Communication is so important in a relationship. It’s the way we express our needs and wants to our partner. But sometimes, the message doesn’t get delivered because
a) It doesn’t get communicated
b) The way it gets communicated isn’t right
I could write a whole series on communication just by itself. But in today’s article I just want to focus on a few communication patterns that I see a lot (and that I’ve gotten stuck in myself!)
Communication Breakdown 1: You don’t address the issue when it happens then blow up later over a minor issue and bring up EEEEEVERYTHING you don’t like in one conversation (flooding).
You may think you’re being patient by letting it go (and maybe you are!). But you can be patient and STILL have a calm conversation about it. The reality is, if it’s bothering you, it won’t get better with time. You have to just address it and resolve it.
When you flood your partner, it’s going to feel like an attack and their first reaction will be to defend themselves by a) blaming you or b) shutting you out completely. Neither of those helps the relationship. The best way to resolve an issue at its root is to focus on one issue at a time instead of throwing everything out in one conversation.
2. Communication Breakdown 2: The blame game.
This one is so common. Your partner tells you something they don’t like. You don’t even take time to think whether they have a valid point or not-you just get defensive and find something wrong that they do. You figure “Shoot, you wanna bring that up? I got stuff on you to bring up too!”
Spoiler alert-no one wins the blame game. You’ll go back and forth, and the disagreement will get bigger because each person is getting more and more offended when stuff is brought back from the past.
Not only that, but it shows that your ego is more important to you than resolving issues. You’re not perfect; everyone has stuff they need to work on. Instead of getting offended when your partner points out your mistakes or flaws, take a step back and look at the bigger picture. Your relationship, your love is the most important thing. Be open to making adjustments and growing for the sake of the bigger picture-loving your spouse.

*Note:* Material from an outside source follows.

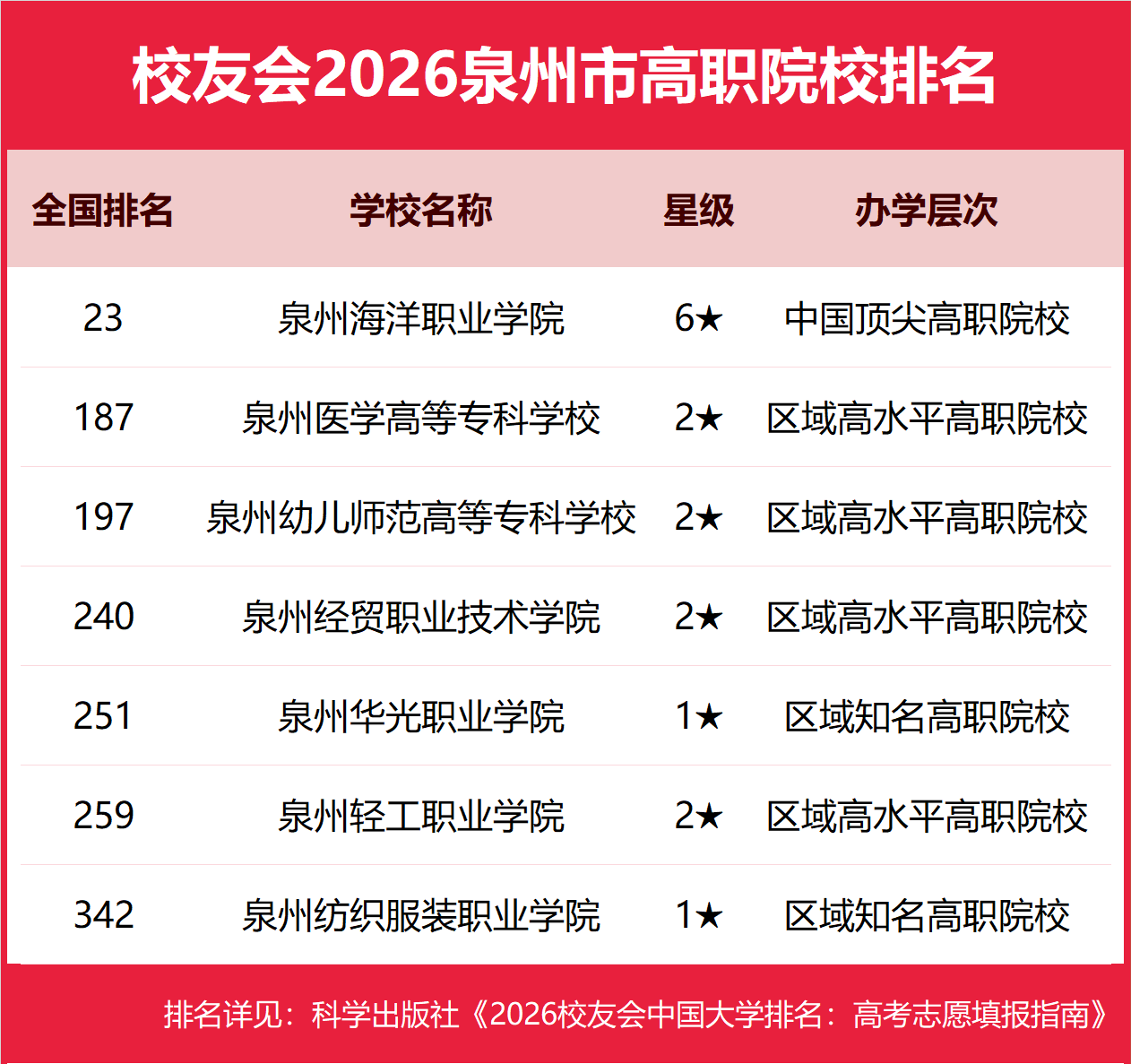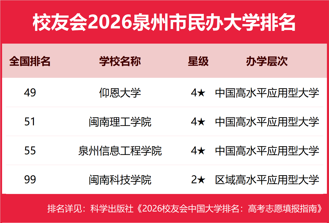 1月12日,全国第三方大学评价机构艾瑞深校友会网(Cuaa.net)正式发布校友会2026中国大学排名、2026泉州市大学排名、2026泉州市民办大学排名、2026泉州市职业技术大学排名和2026泉州市高职院校排名等榜单。 北京大学问鼎校友会2026中国大学排名榜首,连续20年蝉联中国大学排名冠军。清华大学第二,中国科学院大学、浙江大学并列第三,南开大学挺进前七。其中,华侨大学、仰恩大学、黎明职业大学、泉州海洋职业学院分列2026泉州市大学、民办大学、职业技术大学和高职院校排名第一 由艾瑞深研究团队撰写的《2026校友会中国大学排名:高考志愿填报指南》一书将由科学出版社出版发行。 科学出版社《2026校友会中国大学排名:高考志愿填报指南》 校友会2026泉州市大学排名,华侨大学第一,泉州师范学院前三 在校友会2026中国大学排名中,华侨大学全国排名第122名,雄居校友会2026泉州市大学排名第一。泉州师范学院第2。 校友会2026泉州市民办大学排名,仰恩大学第一,闽南理工学院、泉州信息工程学院前三 在校友会2026中国民办大学排名中,仰恩大学全国排名第49名,雄居校友会2026泉州市民办大学排名第一。闽南理工学院第2,泉州信息工程学院第3。名列前10名的其他民办院校为闽南科技学院。 校友会2026泉州市职业技术大学排名,黎明职业大学第一,泉州职业技术大学前三 在校友会2026中国职业技术大学排名中,黎明职业大学全国排名第58名,雄居校友会2026泉州市职业技术大学排名第一。泉州职业技术大学2。 校友会2026泉州市高职院校排名,泉州海洋职业学院第一,泉州医学高等专科学校、泉州幼儿师范高等专科学校前三 在校友会2026中国高职院校排名中,泉州海洋职业学院全国排名第23名,雄居校友会2026泉州市高职院校排名第一。泉州医学高等专科学校第2,泉州幼儿师范高等专科学校第3。名列前10名的其他高职院校为泉州经贸职业技术学院、泉州华光职业学院、泉州轻工职业学院、泉州纺织服装职业学院。 校友会中国大学排名首发于2003年,至今已有24年的历史,已成为具有广泛社会影响力、公信力、参考价值与创新力的中国大学排名领先品牌。 艾瑞深校友会2026中国大学排名评价指标体系由办学层次、思政教育、教学质量、高层次人才、杰出校友、学科专业、科研基地、科研项目、科研成果、社会服务、社会声誉和国际影响力等12大一级指标组成。 |

3.Communication Breakdown 3: You shut down.
In this one, you simply don’t want to talk about it. Maybe you don’t know how to; it may feel uncomfortable or bring up memories and emotions you’d rather not deal with. So you act like it doesn’t exist. But that only gives the problem more power over you and your relationship. It becomes a weed that starts to suck the life out of the good, happy aspects of your relationship.
Stuff that doesn’t get repaired just gets more damaged. You may not see it at first. Your partner may do a great job of hiding their hurt and disappointment. But sooner or later, it will all come crashing down, because you didn’t want to talk about it and your partner got tired of pretending and waiting.
One of the reasons why people (especially men) find it so hard to communicate certain things is that communication requires VULNERABILITY. A lot of people are just not comfortable with the idea of letting someone see them in that light. Our society doesn’t make it better either. Men are expected to be “strong” and anything that involves admitting weakness (I have a problem with…..or I struggle with…..) is extremely difficult.
Someone has to take the first step in being vulnerable. Until a change is made, communication patterns will continue. The good news is, all you need to do is focus on making one small change at a time. Understanding the deeper desires behind the conflict will help you see your spouse’s vulnerability. Hopefully, in time, they’ll feel more comfortable being vulnerable during this conversation too.